When the transistor’s body-bias is altered, there is the V
T disparity in the process variation, the wafer’s die-to-die delay time variations are shown in
Figure 12. Our study does not take the process variation into simulations. This also leads to the inaccuracy estimation, and a feasible methodology is needed to add ±3σ statistic variation parameters into the emulations.
The leakage should be accommodated for advanced process in a future study. The manufacturing variations in the circuit’s simulation have not been included here. These factors need to be included in a future study.
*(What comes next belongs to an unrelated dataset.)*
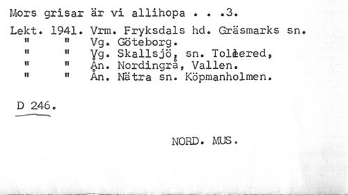 //// Mors grisar ar vi allihopa . . .3. //// Lekt. 1941. Vrm. Fryksdals hd. Gräsmarks sn. //// M " Vg. Göteborg. //// w 11 yg. Skallsjö, sn. Tolåered, //// 11 H £n. Nordingrå, Vallen. //// " 11 An. Nätra sn. Köpmanholmen. //// D 246. //// NORD. MUS. ////

There are several claims addressed in this paper:
- (1)
The proposed technique identifies the transition gate and includes the gate’s timing and average- and peak-current in the calculation. When calculating the Iavg and Ipeak, the proposed method partitions a circuit level by level, and then sums the Ipeak at every level. However, due to the different delays of various gate types, gates of the same level do not necessarily switch at the same time.
- (2)
There are two steps during the testing chip operation with the proposed technique. In the first step, ATE quickly screens the tested chips by using current bounds. For chips that fail during the first step, the second step is conducted manually. We can view and retest the chips by monitoring the circuit function and current in detail to accurately recover any potentially good chips.
- (3)
In general, using TSIZE and VT change as a means of current reduction is more easily evaluated than other competing design constraints in low-power objectives, and it is suitable for advanced design technology. The input signal with a lower transition time (fast signal transition) has a lower Ipeak.
- (4)
The generic static timing analysis tool does not consider gate dual-delay for dual-VT cells for the path delay time calculation.
9. Conclusions
As the testing of chips requires a longer period of time, the proposed technique can assist an engineer in quickly screening for as many failed chips as possible. Using current bounds to screen for faulty chips is a comparatively novel idea, and the proposed schemes use it as a component in statistical outlier analysis. Observations of the Ipeak and Iavg currents are important for testing a circuit. However, previous research has focused on the discussion of the testing impact on power consumption, without upper or lower current bounds to screen for faulty chips. This paper proposes using the peak and average current bounds as the mechanism for a fast screening of potentially failed chips during the testing stage. The five proposed reference circuits provide Ipeak and Iavg references for an original designed circuit under testing. The IE-circuit shows that, from applications of the VT and TSIZE-adjusting techniques, the closed current bounds can be determined. There are less than 2% and 10% estimation errors, respectively, in the Ipeak and power (Iavg), with respect to the Nanosim (transistor-level) simulation results. The computation time of the proposed framework is 334 times faster on average than Nanosim. The software framework is a rapid methodology to estimate Ipeak and Iavg to solve the lengthy testing time problems for large circuits. The effectiveness of the proposed method for screening faulty chips needs to be justified in future studies.